Focused, not limited

In the video, I describe the pen features of the Flyer as “limited” but that’s not the most precise word for it. It’s more of a “focused” experience that treats the pen as a pen you’d use on paper, not as an all-purpose pointing device on a computer. Furthermore, as previously reported, HTC plans to open their software to developers, including an SDK for pen input and APIs for their Scribe software. While HTC’s current pen features are limited in number, the potential for expansion once they open their software is vast.

Hidden Feature!

A commenter named Mark (not me) tipped me off in my “Inking Experience” post to this Easter Egg: the top end of the pen works as a capacitive stylus. The pen body is metallic and able to conduct electricity between your hand and the screen. So while the pen tip activates the pen features of the Flyer, the other end triggers the screen as if it was your finger. Not exactly a feature so much as a fun find, but if you really like stylus control, HTC’s magic pen has you covered.

Comments

    • Sumocat says

      I honestly flaked on that aspect of the note-taking experience, as well as with audio recording. I have a Google account, but I don’t use the calendar, so it just slipped my mind. Sorry.

      • Anonymous says

        NP, for me, I am trying to do some basic things:
        1. Look on my Google Calendar to go to a meeting, take notes at the meeting, maybe take a picture of a diagram or plan I drew on the board and audio some thoughts
        2. Surf the web, see something interesting, annotate it and save it on Evernote, append the Evernote Note later with text, pictures, audio as necesary
        3. Hand write some thought that are translated to text that I send to my blog to work on later from a netbook/laptop

        The iPad does all these things but it is not really integrated very well … but still not bad … as you said earlier, probably have to wait awhile for the perfect hardware and software

        • Sumocat says

          The calendar integration should cover you with #1, while the Evernote integration and ability to markup the screen (which you can then add to Evernote) covers #2. #3 is a problem because there is no built-in text conversion. Handwritten notes are searchable but not converted to text.

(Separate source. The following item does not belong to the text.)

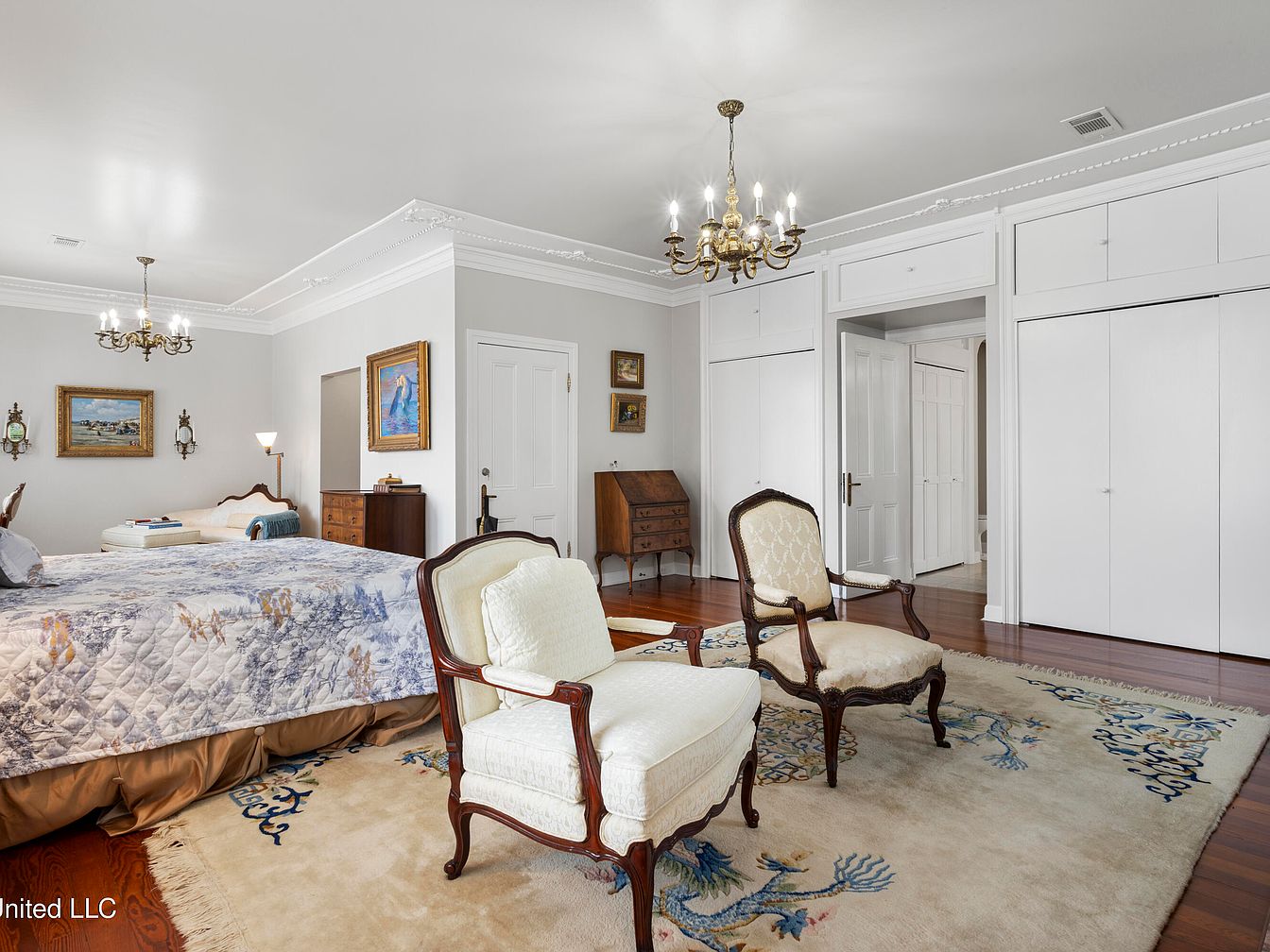 This spacious bedroom combines classic design with modern comforts. A large bed is centered, adorned with a detailed quilt in soft pastel hues. Elegant wooden furniture, including a vintage dresser and two upholstered chairs, enhances the sophisticated atmosphere. The walls are painted a soft gray, providing a neutral backdrop for framed art pieces that add character. A plush area rug with intricate patterns underfoot brings warmth and texture. Crown molding and a striking chandelier complete the aesthetic, balancing elegance with functionality. Ample closet space is cleverly integrated, ensuring a tidy and inviting environment.

          There are third-party solutions for that but none will work as well as a system that reads the pen strokes as they are created. Windows inking does this, as do digital pen and paper systems. This is an area in that big time and effort gap between Windows inking technology and HTC’s.

    • Sumocat says

      At this point, I’d be happy to see some traditional Tablet PC applications get ported in, such as PDF annotation, drawing, and handwriting recognition. A killer application IMO would be a dayplanner. The Flyer is the right size for this. Fill in fields with the pen, swipe to get to more fields and notes, assign it to a date, then flip to get to the next page.

    • Sumocat says

      Oh, I forgot about puzzle games, like crosswords and sudoku. I don’t care for these myself (especially sudoku), but they would work well with the form factor.